Objective: Identify which stress types/timings matter most, mechanisms, and practice/policy implications.
Methods: Qualitative synthesis of 13 studies/reviews (cohorts, case–control, disaster quasi-experiments) from biomedical and social databases; extracted key features and coded themes.
Results: Prenatal stress was associated with preterm birth, low birthweight, growth restriction, hypertensive/infectious complications, and later neurocognitive and behavioral problems. Effects varied by timing (early: organogenesis; late: emotion regulation), dose, and stressor (financial hardship, intimate-partner violence, disasters, depression, strenuous work). Mechanisms included HPA-axis dysregulation, cortisol/inflammation, altered placental function, and brain connectivity changes. Social determinants (care access, poverty, support) moderated risk and resilience.

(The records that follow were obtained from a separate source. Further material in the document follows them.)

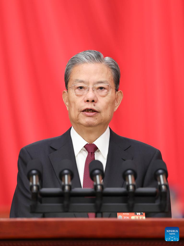 Zhao Leji, chairman of the National People's Congress (NPC) Standing Committee, delivers a work report of the NPC Standing Committee at the second plenary meeting of the third session of the 14th NPC at the Great Hall of the People in Beijing, capital of China, March 8, 2025. (Xinhua/Ding Haitao)
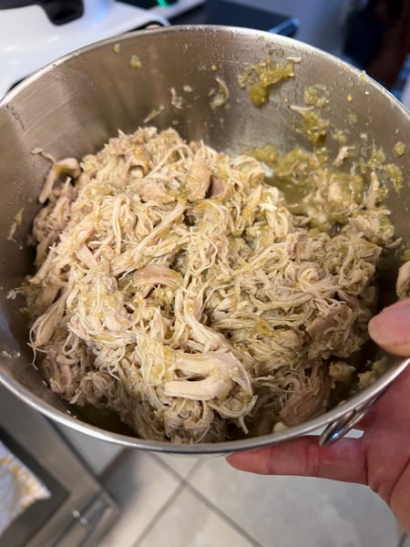3. Drain chicken and shred. Toss with last can of salsa verde and set aside.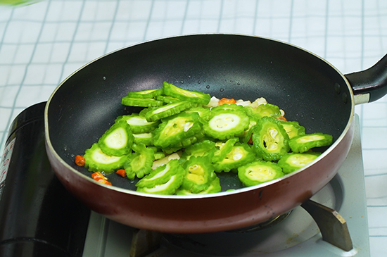 切好的苦瓜先用盐腌制15分钟,把切好的生姜、朝天椒、蒜头放入油锅内炒出香味后,再将腌制好的苦瓜放入翻炒至软度适中,并加入生抽炒拌出色泽,最后沿着锅边加一点开水继续翻炒至熟透,清脆爽口的清炒苦瓜就可以制作完成。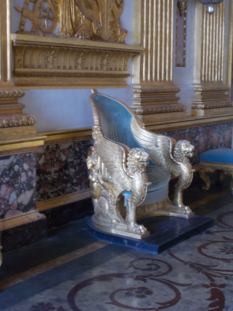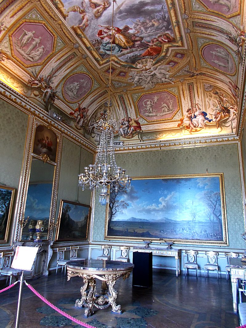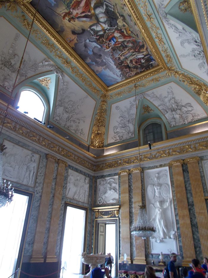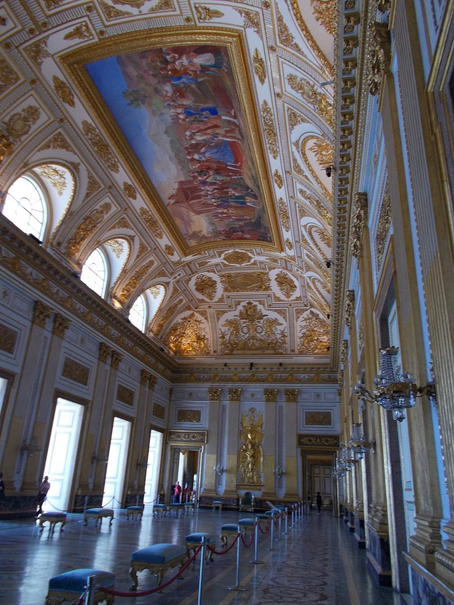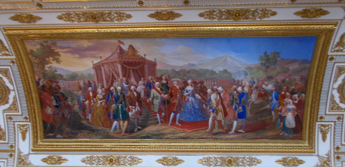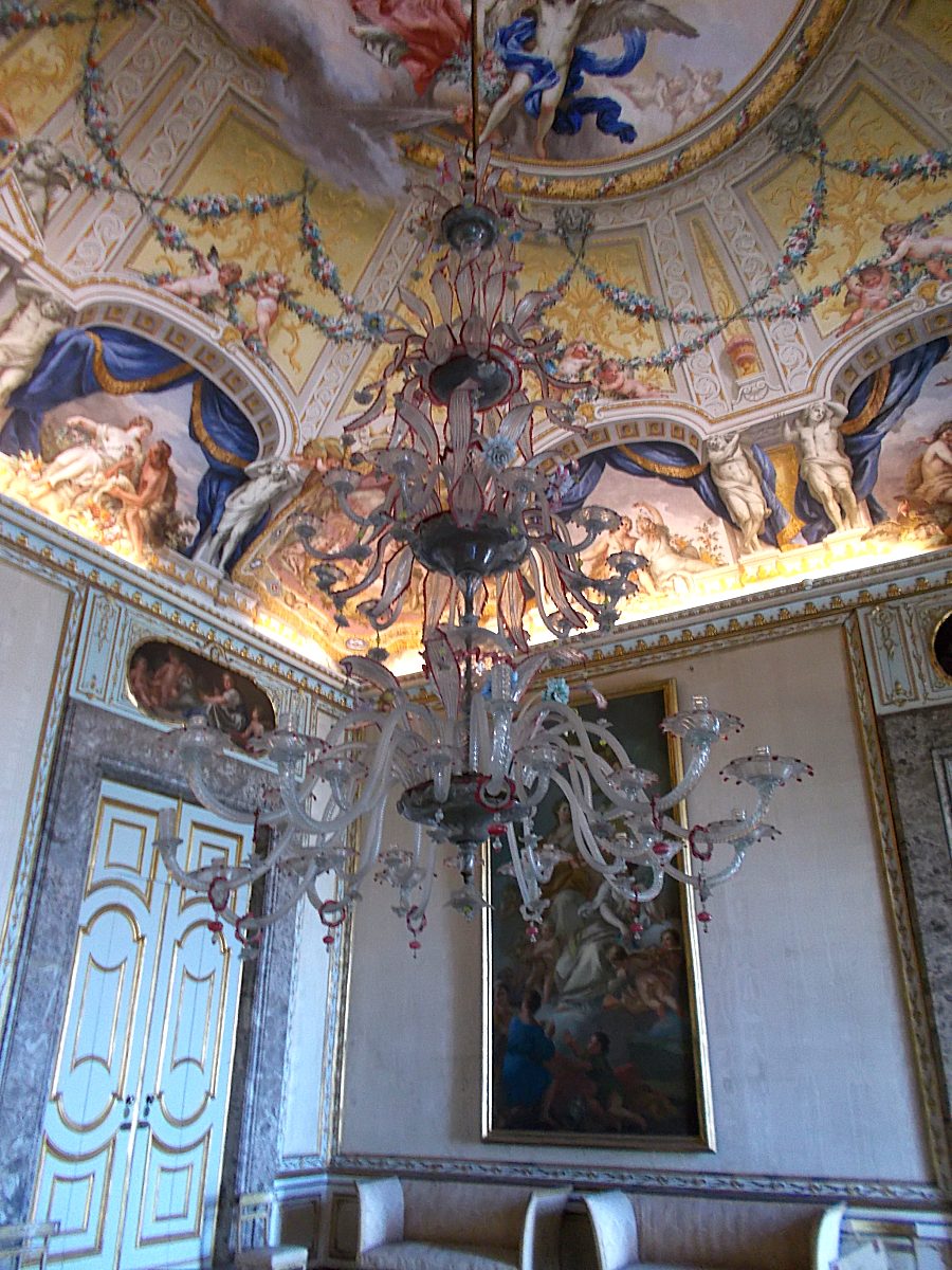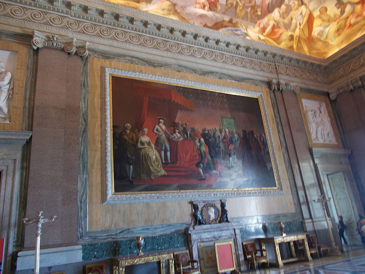 Der Thronsaal zeigt ein Deckengemälde mit der Grundsteinlegung des Schlosses durch König Karl.

Significance: Evidence supports routine stress screening, stepped mental-health care, and policies that reduce financial/environmental stressors, mandate workplace accommodations, and bolster social support. Integrating psychosocial screening with obstetrics and timing-sensitive interventions may improve birth outcomes and neurodevelopment. Research should test causal pathways, target gestational windows, and follow children long term.
Conclusion: Addressing maternal stress is central to prenatal care; small prenatal gains can yield lasting family benefits.